Items from a dataset:
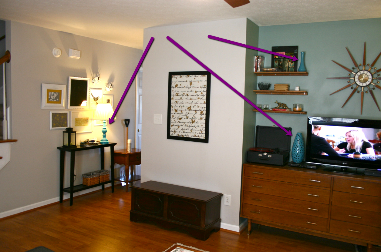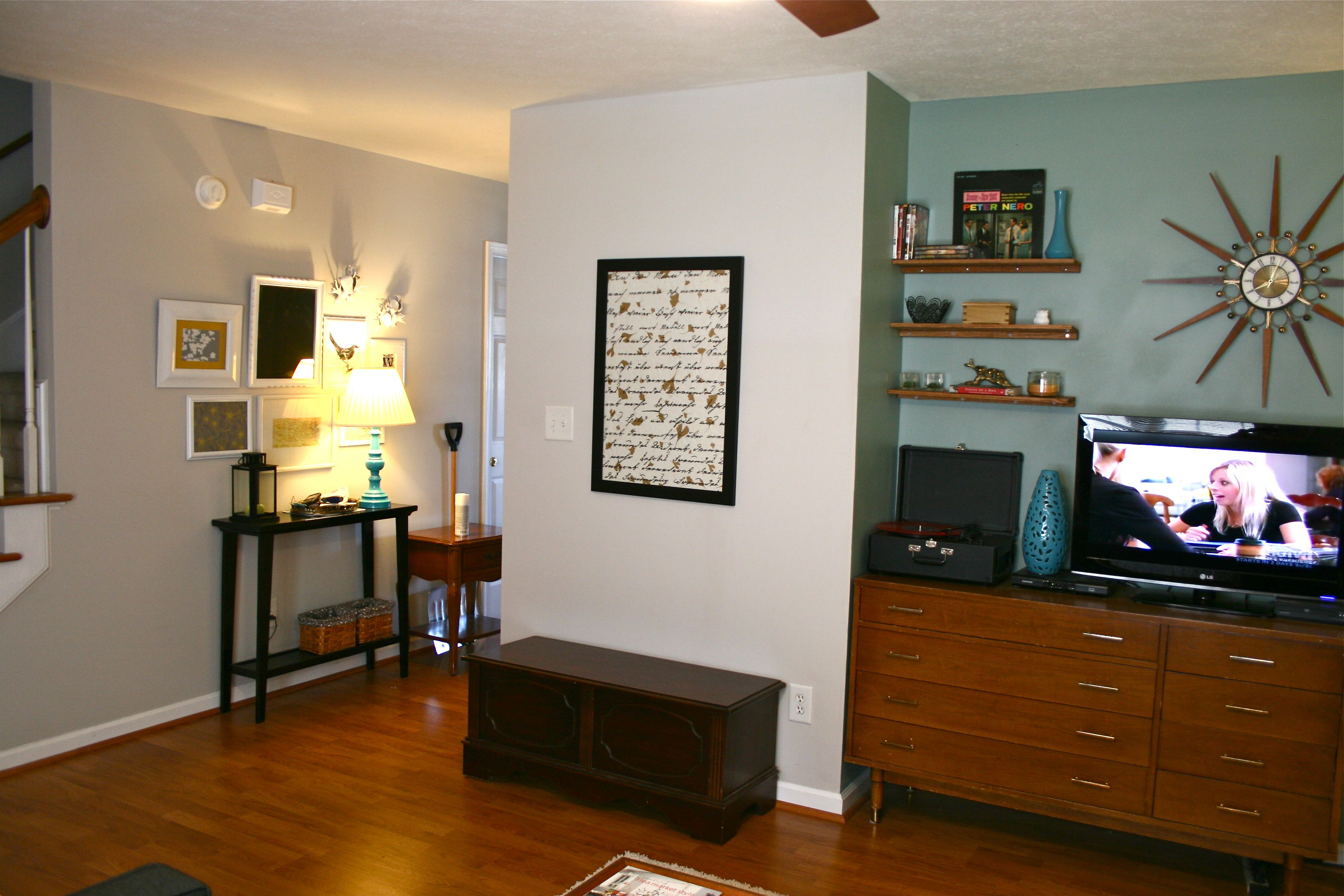 See that wall beside the television? The one that’s plain white next to the pretty pale teal one? Well, I couldn’t leave “well enough” alone and just HAD to revamp it into a focal point…
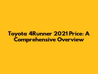 Toyota 4Runner 2021 Price: A Comprehensive Overview
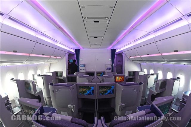 MSN2采用兩級(jí)客艙布局,商務(wù)艙擁有42個(gè)可全平躺的座位,經(jīng)濟(jì)艙擁有210個(gè)座位。A350樹立了最新的乘坐舒適性標(biāo)準(zhǔn),乘客無(wú)論身處哪個(gè)艙位,都可以獲得更大的個(gè)人空間。另外,A350客艙還擁有更大的舷窗、更大的頭頂行李艙,以及最新一代機(jī)上娛樂(lè)系統(tǒng)和空中上網(wǎng)功能。
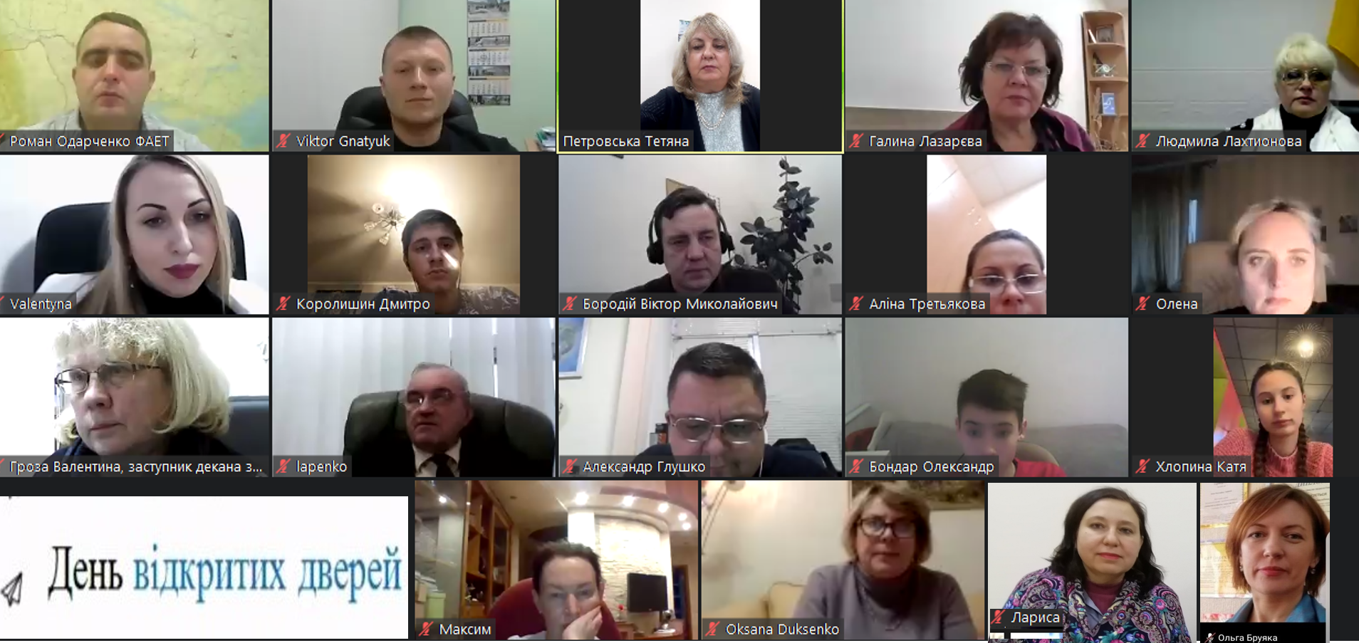 Для майбутніх абітурієнтів 08 грудня 2021 року в Національному авіаційному університеті відбувся «День відкритих дверей» в онлайн-форматі. У заході взяли участь учні 9-11 класів закладів загальної середньої освіти, студенти випускних груп коледжів та представники різних факультетів університету.
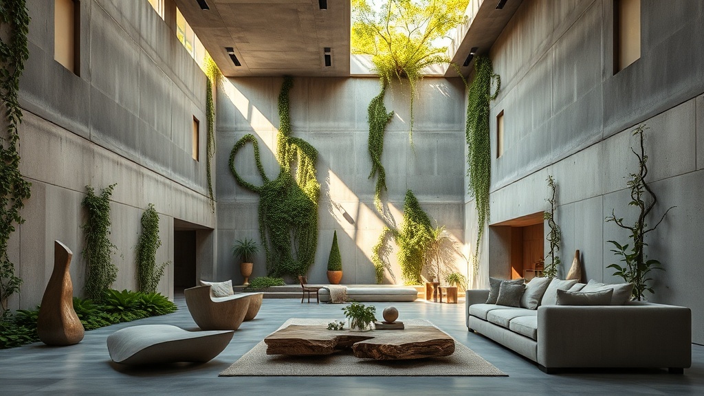 - Incorporate Biomorphic Furniture: Choose furniture with organic curves and flowing lines to soften the harshness of the concrete.
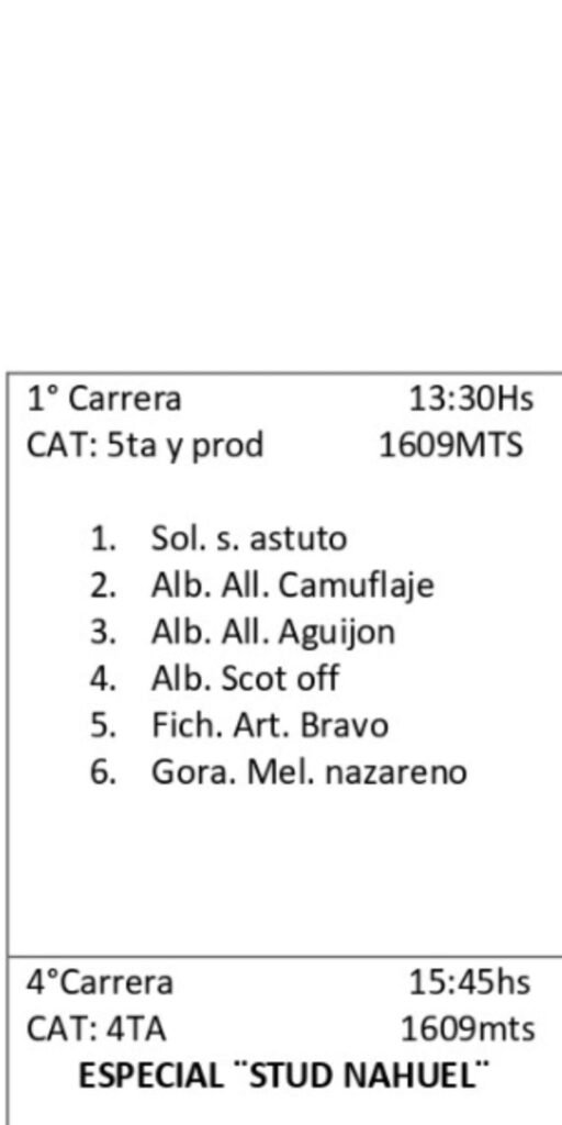 La cita sera mañana Domingos a partir de las 12 AM, en el Hipodromo de Hurlingham , donde se espera gran concurrencias de fanáticos , amigos y apasionados por los caballos.
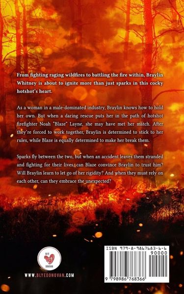 From fighting raging wildfires to battling the fire within, Braylin Whitney is about to ignite more than just sparks in this cocky hotshot's heart. As a woman in a male-dominated industry, Braylin knows how to hold her own. But when a daring rescue puts her in the path of hotshot firefighter Noah "Blaze" Layne, she may have met her match. After they're forced to work together, Braylin is determined to stick to her rules, while Blaze is equally determined to make her break them. Sparks fly between the two, but when an accident leaves them stranded and fighting for their lives, can Blaze convince Braylin to trust him? Will Braylin learn to let go of her rigidity? And when they must rely on each other, can they embrace the unexpected?
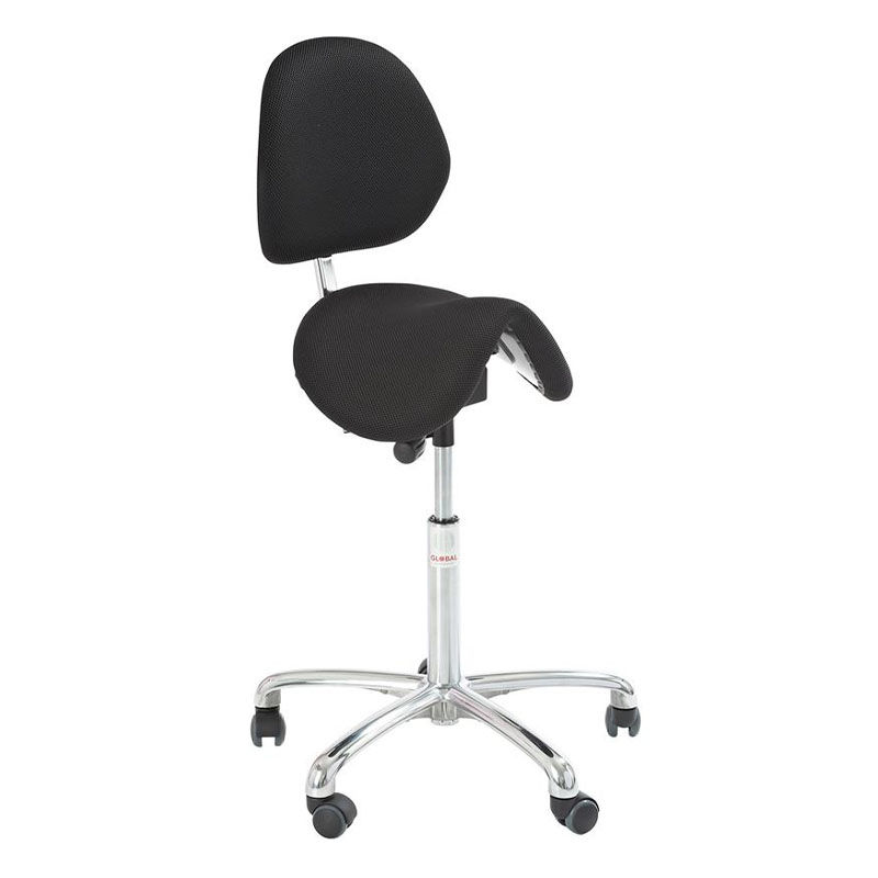 Sadelstol Dalton, svart tyg, med ryggstöd, freefloat. Sadelstol Dalton är formad som en "klassisk" cowboysadel, vadderad med skum och klädd i konstläder alternativt i tyg. Den ger god komfort och ergonomisk arbetsställning under arbetet. En avslappnad hållning och rak rygg gör att man kan sitta längre perioder och undviker på så sätt en dålig sittställning. Sadelstolen passar dig som vill träna upp ryggen.
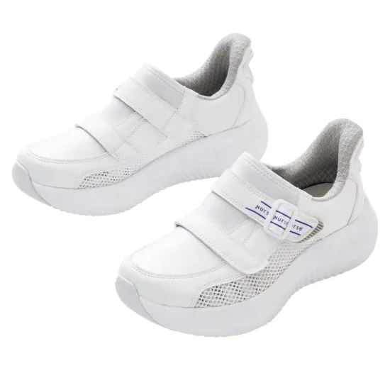 履いた瞬間に思わず歩き出したくなる極ふわクッションが特長のユニセックス対応ナースシューズです。EVAクッションソールによる雲の上を歩くような履き心地と広いメッシュ構造で快適な通気性を実現。抗菌防臭加工と3Eワイズ設計により長時間の現場作業でも足元の快適さをしっかり支えます。
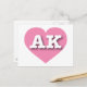 This postcard features a cool pink heart containing the bold white upper case letters AK, the official abbreviation for Alaska, the last frontier. The reverse side of the postcard is blank, awaiting your handwritten sentiments or customised text.
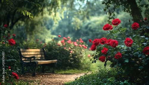 Obraz premium Vibrant red roses blooming in a serene park setting with a rustic bench surrounded by lush greenery and softly blurred background. ,
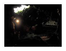 | The next day, we were able to get on a limited attendance tour of the Wild Lava Tube. It's not mentioned on the park's home page, but our guide book (Big Island Revealed) clued us in. All it costs you is 4 AA batteries for the helmet light. Unlike the more accessible Thurston Lava Tube, for this one you start by climbing down a 15 foot metal ladder. Inside you get to see some wonderful features that have all been broken off and cleaned out of the Thurston tube. Highly recommended! | ||
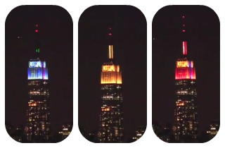 Normally the building’s top section is illuminated with colors that indicate a particular event or person — i.e., on St. Patrick’s Day, you’ll see green and white; on Christmas, red and green; and when the Yankees are in the World Series, you’ll see blue and white. For election night, the building was famously used to display real-time election results. But this new light show uses those 16 million colors to create a truly mesmerizing light show.

• **EXERCISE INSTRUCTIONS**: The answer must be an exact copy of the lines above, from the start of the records through the line with "Toyota 4Runner 2021", and of nothing else; no pictures belong in it.

• **YOUR SOLUTION**:
 See that wall beside the television? The one that’s plain white next to the pretty pale teal one? Well, I couldn’t leave “well enough” alone and just HAD to revamp it into a focal point…
 Toyota 4Runner 2021 Price: A Comprehensive Overview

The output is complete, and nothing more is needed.